Hindsight clearly brought relief. Day one in theatres didn’t look even a tiny bit good. At only 50,000 admissions, Sasongko saw his biggest bet turning sour. Historically, box office stats in Indonesia show that a day one at 50,000 means the film won’t even hit one million.
“Everything seemed dark,” he says. “We did everything. We tried so hard to give the audience the best animation that Indonesia can produce. We tried to make sure that the story [would resonate] with Indonesia first... within a Southeast Asia world”. Day two was tense. Day three brought a sliver of optimism, which grew on day four... By day 10 he knew he had a winner. “When we reached the first two million before day 10, I believed that we could pass Frozen 2.”
Given the outcome, the risk seems smaller than it was for a studio known for films such as horror feature Blood Debt (2024), Stealing Raden Saleh (2022), Letters from Prague (2016) and Keluarga Cemara (2019).
For Sasongko, the to-do-or-not-to-do animation/Jumbo was a turning point in his filmmaking career.
“When I decided to invite investors to Visinema in 2018, I realised that I’m no longer a filmmaker who runs a studio.
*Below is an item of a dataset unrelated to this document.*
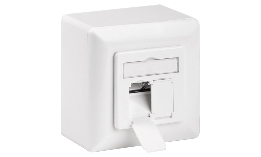 Επιτοίχια πρίζα με 2 θύρες δικτύου για σύνδεση καλωδίων με βύσμα RJ45. Είναι θωρακισμένη, ικανή για ταχύτητες 10 GBit Ethernet και ιδανική για χρήση PoE+ IEEE 802.3at.

I’m an entrepreneur with a challenge and a responsibility,” he says, talking too about growth ceiling, available seats, and the book that changed his trajectory – Lawrence Levy’s memoir To Pixar and Beyond: My Unlikely Journey with Steve Jobs to Make Entertainment History. “I realised that from the business perspective, I had to break the ceiling,” he says.
To do that, he had to change the perception of Visinema as primarily a film production company, defined by annual film output or by ticket sales.
Instead, he developed an IP-based model. “There are three advantages to making IP our backbone,” he says.
First, he set a 40% cap on box office revenue as a percentage of the total. Second, he created recurring revenue streams from Visinema shows. And third – and perhaps most important – was to keep experimenting, “keep creating something new, keep giving emerging talent new opportunities, keep creating room to empower”. For all the time/investment challenges, animation offered a solution.
He’s already well into Jumbo extensions in the form of “experiences” – an area of experimentation since 2015 and the release of his film Filosofi Kopi.
The original film explores coffee culture. In 2017, he directed the sequel Filosofi Kopi 2: Ben & Jody. A TV series followed in 2018, along with an online platform using gamification elements, and then a spin-off documentary, Filosofi Kopi: Aroma Gayo in 2021. Alongside all that, he developed a chain of artisanal coffee shops, complete with merchandise.
Sasongko is confident about leveraging Jumbo’s success into a bigger consumer experience, mostly because he says there is already a global playbook and he knows he doesn’t have to be “the smartest person in the room”.
To develop the Jumbo IP and licensing business, he turned to Herry Salim, the former head of Disney Indonesia and veteran Unilever boss, and Aldi Haryopratomo, the former CEO of Gojek’s digital wallet GoPay, both of whom have joined Visinema.
The Jumbo gameplan involves the larger ambition to create “evergreen IP”.
Sasongko says “Jumbo is real proof that... when you invest in craft, invest in quality, invest in empathy, the audience will respond”.
There’s something else, which he says Jumbo shares with record-breaking Chinese animated film Ne Zha 2. “It’s not only because of the story, not only because it’s cute... [Jumbo’s success] is also because it gives pride to its audience”.